SEPTEMBER 8, 2003 VOLUME 11, NUMBER 10
When individuals look for ways to simplify the handling of their estates, they frequently decide to simply put their heirs’ names on assets. Parents, for example, often make their children joint owners on bank accounts—reasoning that the money will then be easier to get to if needed, and no probate proceeding will be necessary for the children to get the accounts after the parent’s death. There are dangers, of course, in creating joint tenancy accounts. A recent Connecticut case illustrates one of those dangers and also provides insight into how the law views joint tenancy bank accounts.
Salvatore Vessichio may have had probate avoidance in mind when he added the names of his two daughters, Charlene Vessichio and Sally Ann Durso, to his BankBoston account three years ago. When Mr. Vessichio died a short time later, Charlene Vessichio went to the bank, withdrew the entire account balance, paid for her father’s funeral, and placed the remaining proceeds in a brokerage account in her own name.
Her sister, Ms. Durso, demanded her half of the account. Ms. Vessichio refused to turn it over, pointing to a Connecticut state statute which specifically authorized the bank to release a joint tenancy account to any one of the joint tenants. Ms. Durso then filed a lawsuit against her sister.
The trial court concluded that Ms. Durso and Ms. Vessichio had owned an equal interest in the bank account, but that payment of Mr. Vessichio’s funeral expenses was a legitimate use of the money. The court ordered Ms. Vessichio to return half of the remaining account balance to her sister. The Connecticut Court of Appeals agreed, noting that the statute on which Ms. Vessichio relied was really intended to protect the bank from claims by joint tenants, not to protect the joint tenants from claims against one another. Durso v. Vessichio, August 26, 2003.
Arizona law is very similar. The presumption is that joint tenancy property is owned equally among all joint tenants, but that each named account owner is entitled to manage the entire account.
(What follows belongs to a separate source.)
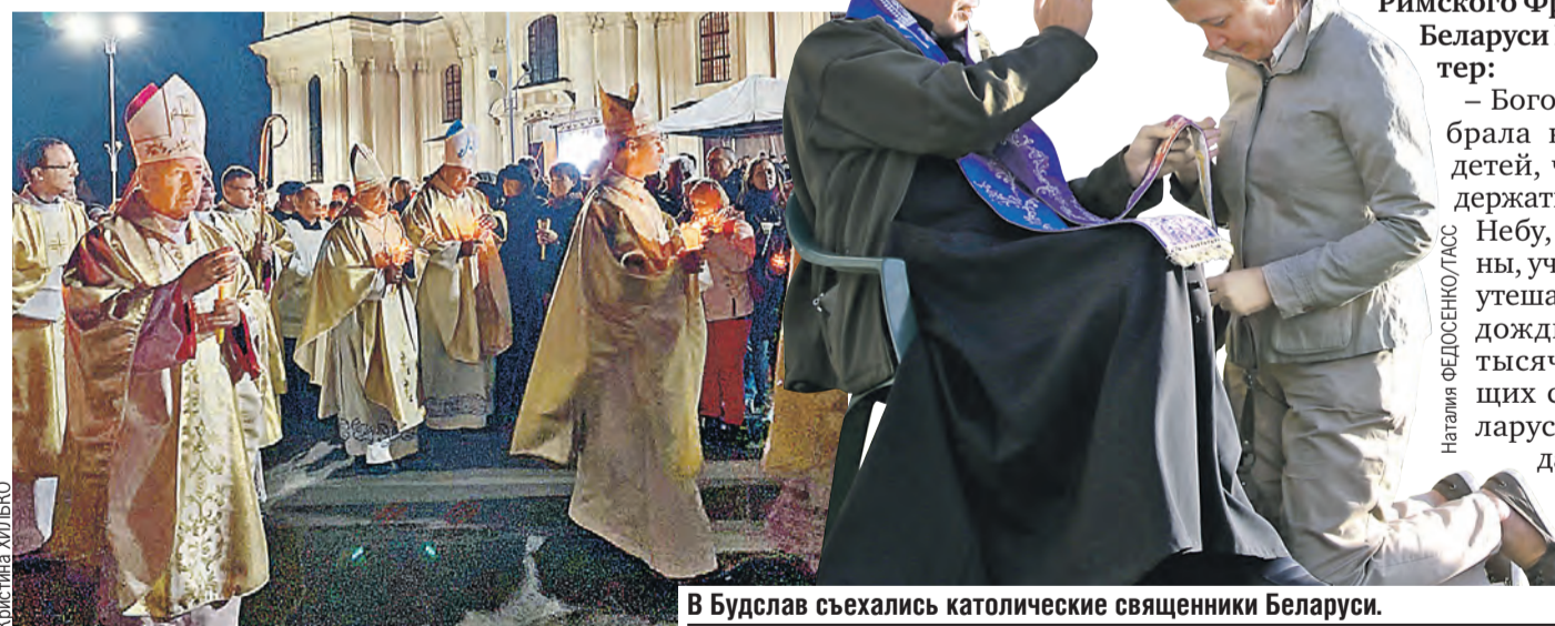
В Будслав съехались католические священники Беларуси.

Говорят, из такого паломничества человек никогда не возвращается прежним.

That is one reason that placing a child’s name on an account as a joint tenant is dangerous—Ms. Vessichio could have withdrawn the entire account and held the proceeds in her own name even before her father died, thereby depriving him of his own funds.
When one joint tenant has contributed more than his or her share of a joint account, however, the interests of the joint tenants are proportional to their actual contributions. In other words, in an action against Ms. Vessichio by her father he should have been able to secure return of the entire account, not just a one-third interest. Her ability to withdraw the account balance, however, would have put him through a legal proceeding to establish his rights.